As it keeps reading through training data, those probabilities are the only things that it retains. It doesn't store the training data, it just stores information about the training data. After churning through millions of pages of data it'll have a huge table of words and the associated probabilities of finding other specific words right after them.

This table does not in any meaningful sense "encode" the training data. There's nothing you can do to recover the training data from it. It has been so thoroughly ground up and distilled that nothing of the original training data remains. It's just a giant pile of word pairs and probabilities.

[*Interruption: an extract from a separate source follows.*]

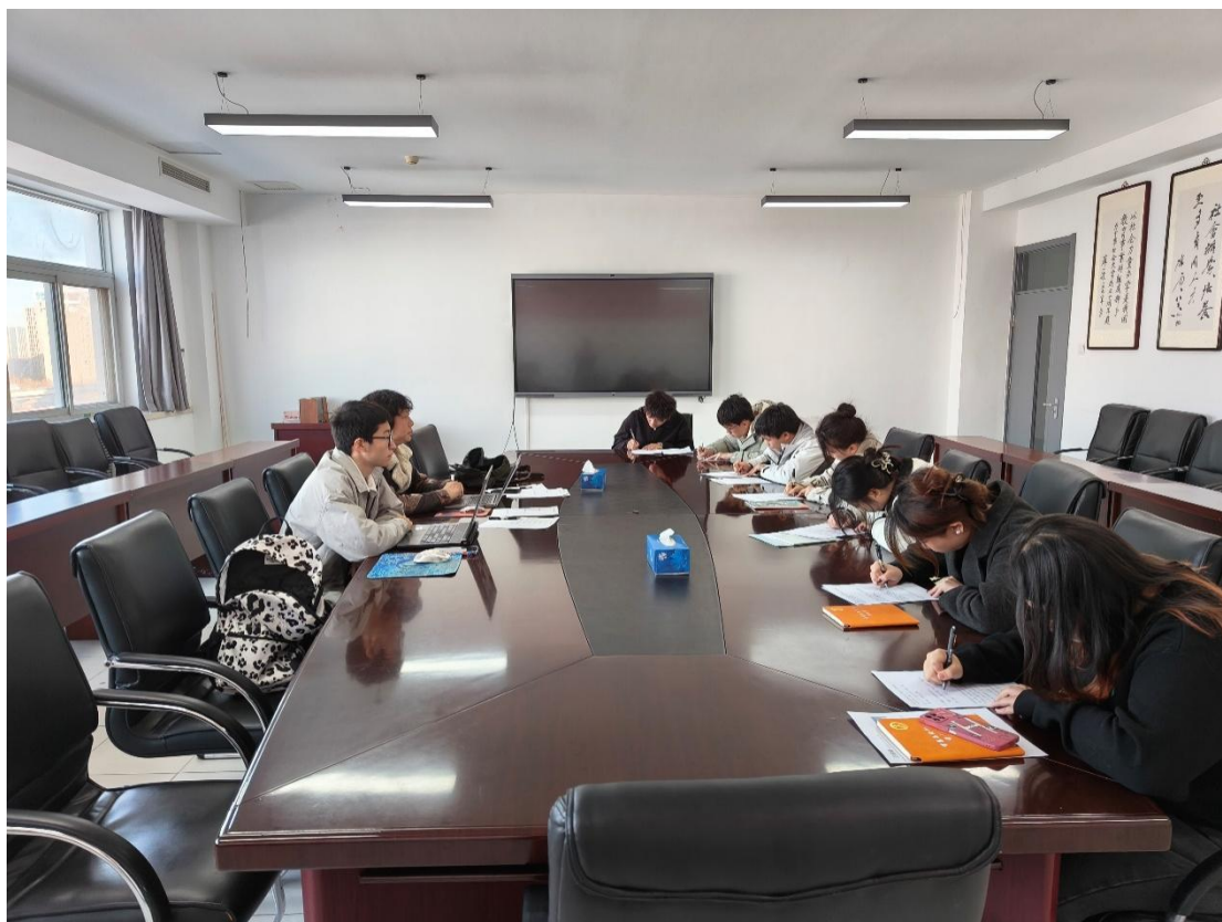
图 4 双创中心成员招募遴选

校外实训基地建设方面，经北京铭扬兄弟影视文化传播有限公司安排，我校影视动画专业与十余家影视后期制作企业确立了校外实训基地关系，由相关企业负责本专业的现代学徒制教学、认识实习、岗位实习和就业承接工作。

It's similar with how these more advanced AIs train up their neural networks. The network isn't "memorizing" pictures, it's learning concepts from them. If you train an image generator on a million images of cats you're teaching it what cat fur looks like under various lighting conditions, what shape cats generally have, what sorts of environments you usually see cats in, the sense of smug superiority and disdain that cats exude, and so forth. So when you tell the AI "generate a picture of a cat" it is able to come up with something that has a high degree of "catness" to it, but is not actually any specific image from its training set.

If that level of transformation is not enough for you and you still insist that the output must be considered a derivative work of the training data, well, you're going to take the legal system down an untenable rabbit hole. This sort of learning is what human artists do all the time. Everything is based on the patterns we learn from the examples we saw previously.

[–] mobyduck648@beehaw.org 3 points 1 year ago* (last edited 1 year ago)

'A big table lookup' isn't what's going on here, go and look up what backpropagation and gradient descent are if you want to know what's actually happening.